After session.ready, every chunk of room audio gets resampled to 24 kHz, base64-encoded, and shipped as input.audio.

4. Publish reply audio back into the room

elif t == "reply.audio":
    pcm24 = base64.b64decode(event["data"])
    pcm_out = resample_pcm16(pcm24, 24_000, 16_000)
    await asyncio.to_thread(mic_device.write_frames, pcm_out)

mic_device is the virtual microphone registered with daily.Daily.create_microphone_device(...). Anything you write into it gets published into the Daily room as if a real human's mic produced it.

Interruption (Barge-In) handling

When a participant speaks while the agent is replying, the Voice Agent API emits reply.done with status: "interrupted". The bot doesn't need to flush anything on the Daily side — mic_device.write_frames only plays what you hand it, so stopping writes stops the agent.

elif t == "reply.done" and event.get("status") == "interrupted":
    pending_tools.clear()

Tuning

Pick a different voice

"output": {"voice": "james"}    # conversational US male
"output": {"voice": "sophie"}   # UK female
"output": {"voice": "diego"}    # Latin American Spanish
"output": {"voice": "arjun"}    # Hindi/Hinglish

Browse the Voices catalog. Multilingual voices code-switch automatically.

Tune the system prompt

"session": {
    "system_prompt": (
        "You are a sales-qualifying agent for Acme Corp on a video call. "
        "Ask one question at a time. Keep answers under two short sentences."
    ),
    "greeting": "Hey - thanks for hopping on. What brings you in today?",

Multi-participant calls

update_subscriptions with "*" subscribes the bot to every remote participant. The audio renderer fires per-participant. Today the bot mixes everyone into a single stream — for cleaner handling, either subscribe only to a designated primary participant or tag transcripts with the participant ID at the bridge.

Telephony in the same room

Daily supports SIP and PSTN dial-in, so phone callers can join the same room. Daily transcodes the carrier's 8 kHz G.711 audio for you — your renderer callback still gets PCM16 at whatever sample rate you asked for. No extra code.

Troubleshooting

Bot connects but never speaks. Check that MicrophonePublishingSettings(is_enabled=True) is set, and that you're calling mic_device.write_frames(...) with non-empty bytes.

Agent transcript is garbled. Wrong sample rate. The API expects 24 kHz for audio/pcm, not 16 kHz. Confirm your resample step is running.

Agent keeps interrupting itself. Two causes: (1) The bot is subscribing to its own virtual mic — filter self.client.local_participant().id. (2) Real humans without echo cancellation — plug in headphones.

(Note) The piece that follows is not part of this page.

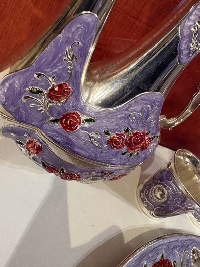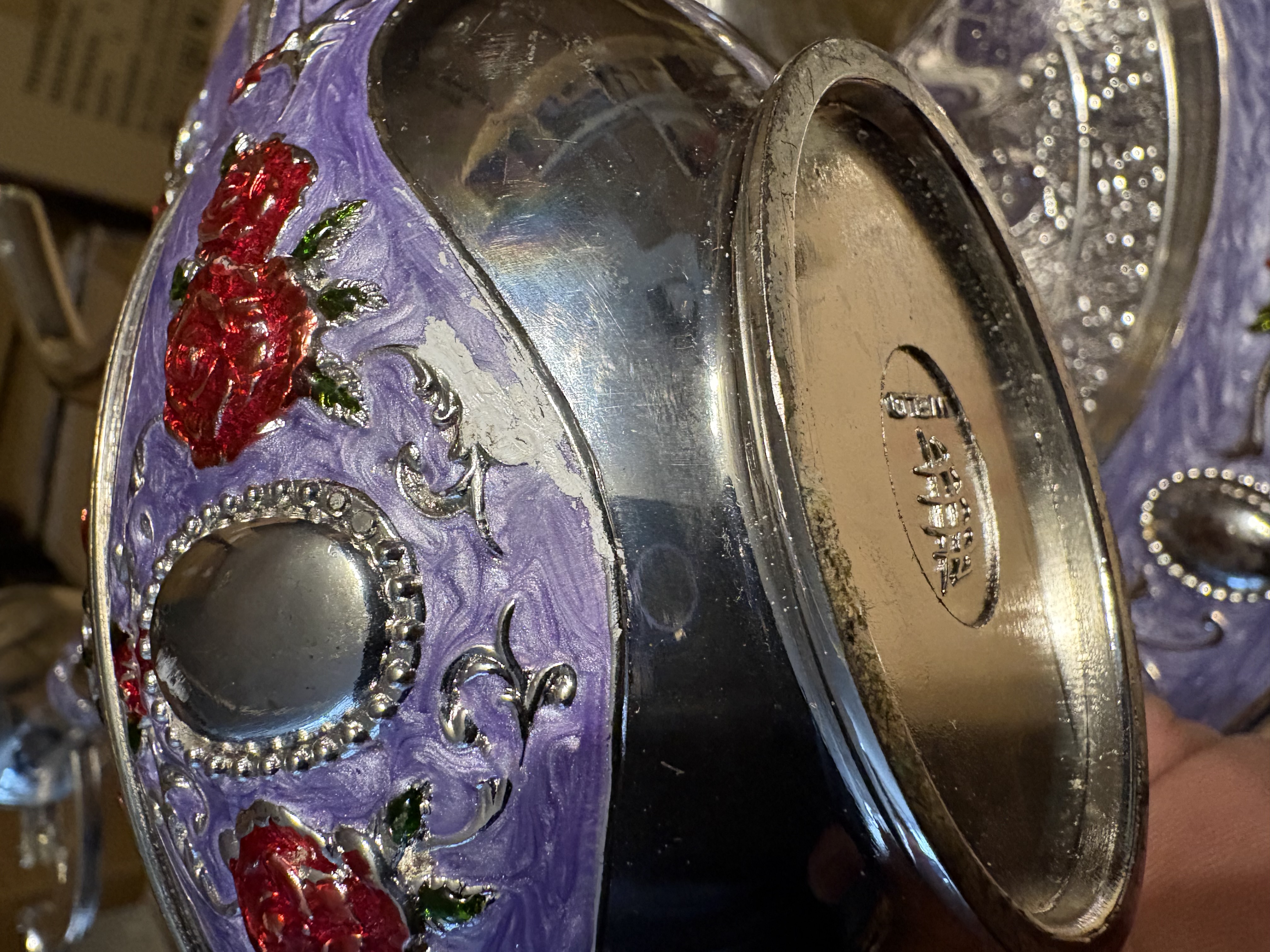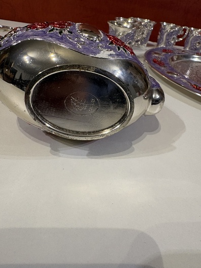 Afgewerkt met zilver en emaille ook verf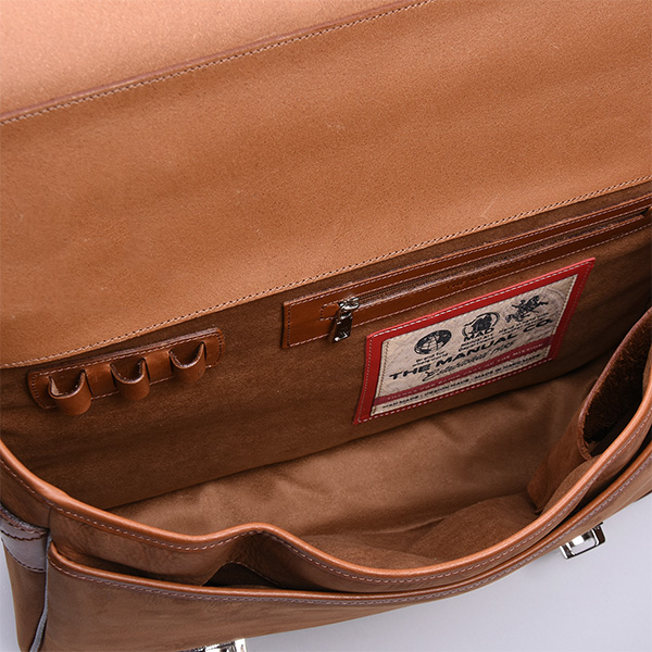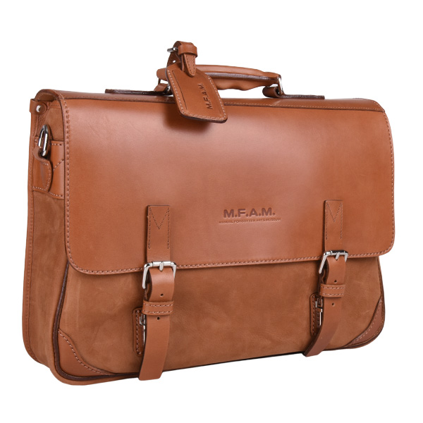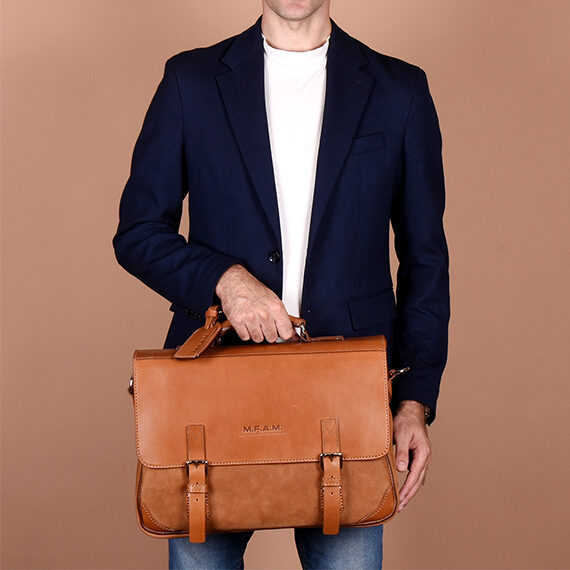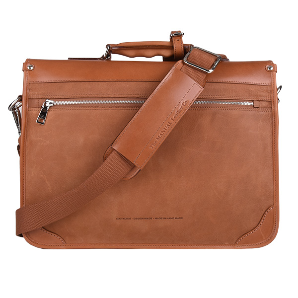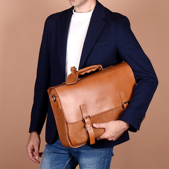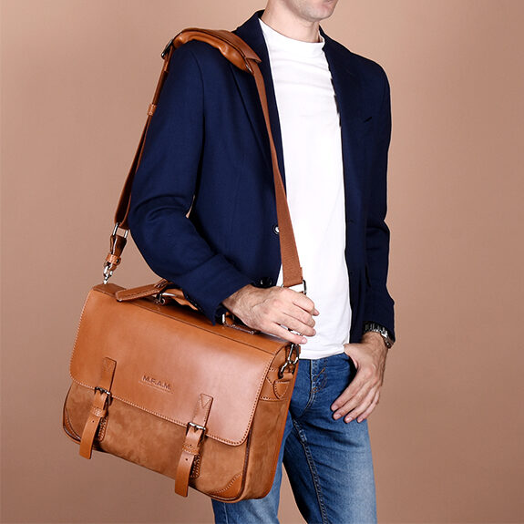 Muška poslovna kožna torba sa upadljivim i anatomski oblikovanim rukohvatom, koji joj svakako daje poseban komfor prilikom nošenja u ruci. U tom smislu torba poseduje i podešavajući pamučni kaiš sa zaštitnom naramenicom za nošenje preko ramena. Kapak torbe je izrađen od najkvalitetnije goveđe kože debljine, a zatvara se na preklop kopčanjem sa dve visoko polirane i galvanizovane metalne kopče sa mogućnošću zaključavanja. Na poleđini modela se nalazi jedna funkcionalna pregrada koja se zakopčava sa metalnim cibzarom.

UNAUTHORIZED close on the Voice Agent API socket. Bad or missing AssemblyAI key — check .env.

Daily join fails with 403. Room URL is wrong, the room expired, or it requires a meeting token.

Full troubleshooting guide: Voice Agent API docs.

Frequently asked questions

What is AssemblyAI's Voice Agent API?

A single WebSocket endpoint that handles the entire voice-agent pipeline server-side: speech recognition, LLM reasoning, and TTS. You send PCM audio in and get PCM audio back, with neural turn detection, barge-in, and tool calling built in.

How does the Daily.co Python SDK send audio to a voice agent?

The daily-python SDK exposes per-participant audio renderers via set_participant_audio_renderer. Daily decodes the remote WebRTC track to mono PCM16 and invokes your callback. You forward those bytes as input.audio events to the Voice Agent API.

What sample rate does it use?

The Voice Agent API defaults to 24 kHz PCM16 in both directions. Daily's renderer delivers 16 kHz. The bot resamples 16 kHz ↔ 24 kHz at the bridge.

How do I publish reply audio back into a Daily room?

Register a virtual mic with daily.Daily.create_microphone_device(...), enable it on join, and call mic_device.write_frames(pcm_bytes) with each reply chunk. Daily publishes it like a normal participant's mic.

Can the bot handle multiple humans?

Yes. update_subscriptions(participant_settings={"*": ...}) subscribes to everyone. The audio renderer fires per-participant so you know who's speaking.

Does this work with phone callers?

Yes. Daily supports SIP/PSTN dial-in. Daily transcodes the carrier audio for you — no extra code on your side.

How much does it cost?

AssemblyAI offers a free tier. Daily offers 10,000 free participant minutes/month. See the AssemblyAI pricing page.